The day will kick off with a coffee reception at the Walker County Museum: Gibbs-Powell House at 9:15 a.m., while members of Sam Houston State University follow the ROTC as they make their traditional march from Old Main Pit down to Sam Houston’s gravesite at Oakwood Cemetery.

Guests will meet at the gravesite at 11 a.m. to celebrate the life of Sam Houston and his great contributions to the state of Texas on his birthday. The Texas general’s descendants will lay the ceremonial wreaths at Houston’s grave and enjoying the words of a group of exciting speakers. This year’s featured speaker will be Michael Wilson, a seventh-generation Texas native, who is a member of the Sons of the Republic of Texas and the Lone Star Volunteers, followed by the much anticipated “Baptized a Texan” ceremony.

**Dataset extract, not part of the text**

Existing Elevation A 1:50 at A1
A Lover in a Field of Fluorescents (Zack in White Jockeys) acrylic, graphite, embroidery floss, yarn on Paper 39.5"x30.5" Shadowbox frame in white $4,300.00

As a tradition for many years now, members of the community and tourists who were not born at Texan will kneel in front of Sam Houston’s grave as a their foreheads are dotted with pond water by Patton. Baptized participants will walk away with a commemorative gift bag from the City of Huntsville Tourism Department.

After the ceremony, a catered luncheon at the Sam Houston Statue Visitor Center will be available to those that RSVP, followed by the “Toast to Texas” outside of the statue to conclude the day’s events.

“It’s a pretty full day, but it’s a lot of fun,” Patton added.

In the case of inclement weather, the gravesite ceremony will instead take place at 11 a.m. at the SHSU Natural History Museum, located at 2405 Avenue I in Huntsville.